Google had formally given up on Stadia, Microsoft had just announced hundreds of jobs cuts, and we were calling for calm in an editorial about the downward turn things had taken of late.

But much of the concern was focused on the larger end of the industry, the AAA market and the massive companies that make their business there. So when we speak with Della Rocca, the former executive director of the International Game Developers Association and co-founder of Execution Labs, we ask for an indie perspective on the industry, and whether he finds himself optimistic or pessimistic of late.

"Success is possible, but I think the chance of success is much lower than it used to be, just because of saturation and the way things go"

"I'm generally an optimistic person, and I think you make good decisions, do hard work, have talent, all that kind of stuff, and success can be had," Della Rocca says. "There's a lot of failure. There's many more games being made, many indies attempting to launch games, and a lot of them fail. But we're also seeing amazing successes coming out of nowhere… Success is possible, but I think the chance of success is much lower than it used to be, just because of saturation and the way things go."

Della Rocca says a lot of the work he does these days is about helping developers approach their business as an actual business, from selecting commercially viable genres to engaging community and influencers.

"A lot of developers don't take the time to do competitive analysis, market research, community engagement, streamer outreach and all that kind of stuff until far too late, or they don't bother at all," Della Rocca says. "But I think developers are realizing that if they want to make a career of it and build a viable business and be professional, it's a lot more work than they had hoped for when maybe they were just young and dreaming."

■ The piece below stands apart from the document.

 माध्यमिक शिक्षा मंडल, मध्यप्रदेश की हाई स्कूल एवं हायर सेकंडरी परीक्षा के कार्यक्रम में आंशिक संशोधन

In recent years, there have been a spate of indie publishers setting up shop to meet the demands of such developers, operations that advertise themselves as letting developers worry about the development while they handle the rest of it, from marketing to social media management to platform relations to ports.

Della Rocca doesn't want to speak ill of those companies, but he points to a shift in the perceived value of developers self-publishing and "owning" their audience with as direct a relationship with the fans as possible.

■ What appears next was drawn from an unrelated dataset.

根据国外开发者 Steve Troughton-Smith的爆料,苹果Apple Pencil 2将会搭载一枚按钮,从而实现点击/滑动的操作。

"Even a publisher that has the fairest deal, the best of intent, and the hardest workers [is] still kind of getting in the way of [the creator-player] relationship..."

"We often see that as one of the multiplier effects on probability of success, when the creator is engaging with the audience directly, managing the Discord, has an active newsletter, active on social media, engaging influencers, all that kind of stuff," Della Rocca says.

"What we're seeing more and more is that a publisher intermediating that relationship doesn't always work. Not because the publisher is evil, not because the publisher isn't working hard, but they're doing the marketing. They aren't the artist, they aren't the designer, they aren't the storyteller. And I think even a publisher that has the fairest deal, the best of intent, and the hardest workers, they're still kind of getting in the way of that relationship, unintentionally so, but it's just the way that works.

"The fans want to be in contact with the designer, not with a junior marketing associate from publisher XYZ. No offense to that junior marketing associate. They're probably a perfectly nice person with good marketing skills, but they're not the designer, not the programmer, not the artist, not the creators."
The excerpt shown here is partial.